Republicans have their outliers, like Greene and others. They routinely make outrageous and often indefensible statements, although Democrats are equally guilty of the promiscuous use of inappropriate Holocaust analogies.

But they are not guilty of seeking to normalize antisemitism by masquerading as mere “critics” of Israel. And, unlike Omar, they lack the influence that comes with being part of a movement that already dominates academia and much of the media with its toxic myths about white privilege and lies about Israel’s being an “apartheid” state.

Republicans have been accused of making Israel a partisan issue. The GOP has pointed to its lockstep support for the Jewish state, and to the way Democrats are now divided on it with so much of their base embracing the myth—rooted in critical race theory teachings—that Israel is a “white” colonialist oppressor of people of color.

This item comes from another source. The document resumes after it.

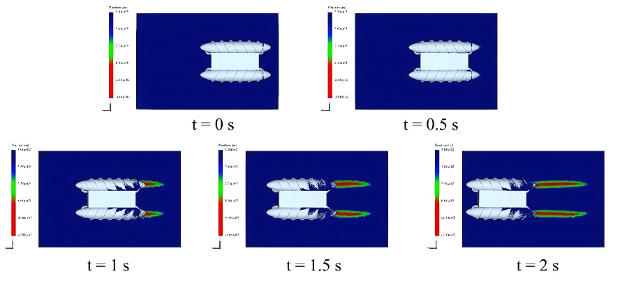 为深入揭示其中的科学问题,团队开展了一系列水动力数值模拟,探究了螺旋设计参数对螺旋推进性能的影响,提出了螺旋体在水中推进的力学模型。在此基础上,创新性地提出了一种带桨叶的螺旋体结构,进一步大幅提升了水下螺旋驱动效能。

Hyper-partisanship is now so deeply entrenched in American political culture that many liberal Jews aren’t likely to be persuaded to be angrier at House Democrats for defending Omar than they are at Republicans for their ideology or support for Trump, who—though deeply flawed—was still the most pro-Israel president in history.

Crossing a line

In giving Omar a pass for antisemitism, Democrats have crossed a line that no party or its supporters can transgress without being rightly accused of enabling Jew-hatred. By rallying around her, either out of party loyalty or hypocritical opposition to cancel culture that they never apply to embattled conservatives, is to make antisemitism a partisan issue. This is a historic development that may make it impossible to ever put the genie of intersectional hate for Jews back in the bottle. It’s also an unforgivable betrayal of their Jewish voters and the principles of tolerance that they claim to uphold.